── Raw data

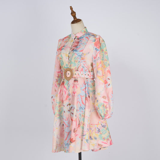 Autumn Half-sleeve Printed Loose And Elegant Shirt Dress
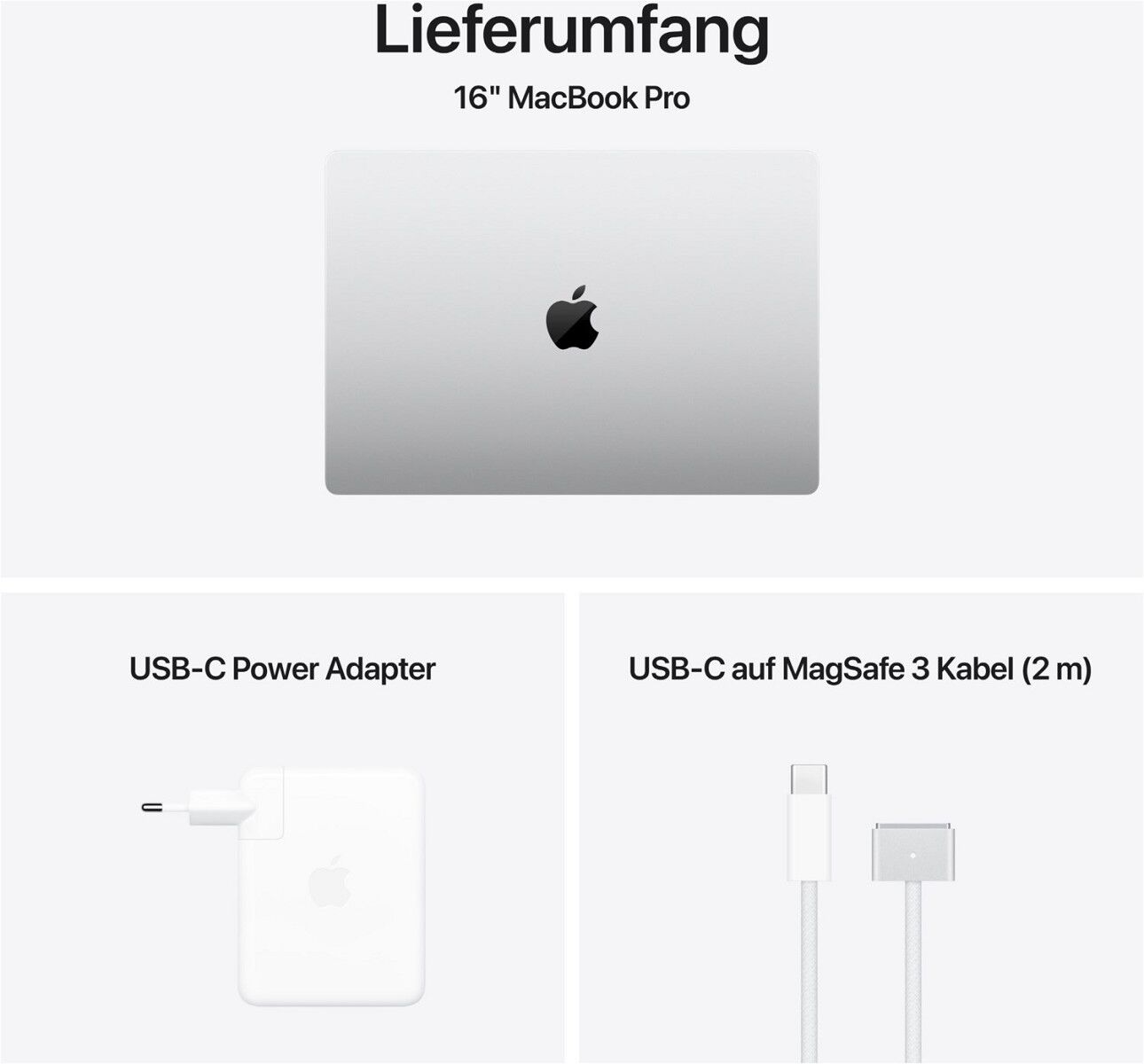 Display: Die Displaygröße wird diagonal gemessen. Die Displays des 14" und des 16" MacBook Pro haben oben gerundete Ecken. Als Standard-Rechteck gemessen haben die Displays eine Diagonale von 14,2" (35,97 cm) und 16,2" (41,05 cm). Der tatsächlich sichtbare Displaybereich ist kleiner.
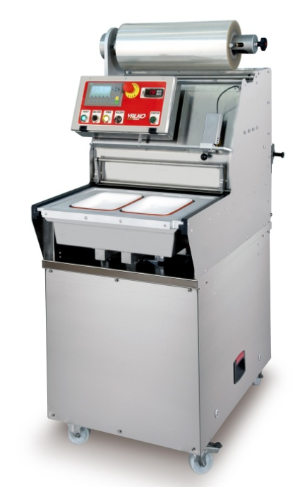 Utilizat pentru tavi cu ambalare in vid. Ambalare sub vid MAP și Skin-Pack. Ambalare tavi mari. Conceput pentru supermarketuri, catering si gastronomie. Pompa de vid 60 m³/h.

────

**Task directions:** The listing should be transcribed in full, exactly, and without its pictures.

**Result of the exercise:**
 Autumn Half-sleeve Printed Loose And Elegant Shirt Dress
 Display: Die Displaygröße wird diagonal gemessen. Die Displays des 14" und des 16" MacBook Pro haben oben gerundete Ecken. Als Standard-Rechteck gemessen haben die Displays eine Diagonale von 14,2" (35,97 cm) und 16,2" (41,05 cm). Der tatsächlich sichtbare Displaybereich ist kleiner.
 Utilizat pentru tavi cu ambalare in vid. Ambalare sub vid MAP și Skin-Pack. Ambalare tavi mari. Conceput pentru supermarketuri, catering si gastronomie. Pompa de vid 60 m³/h.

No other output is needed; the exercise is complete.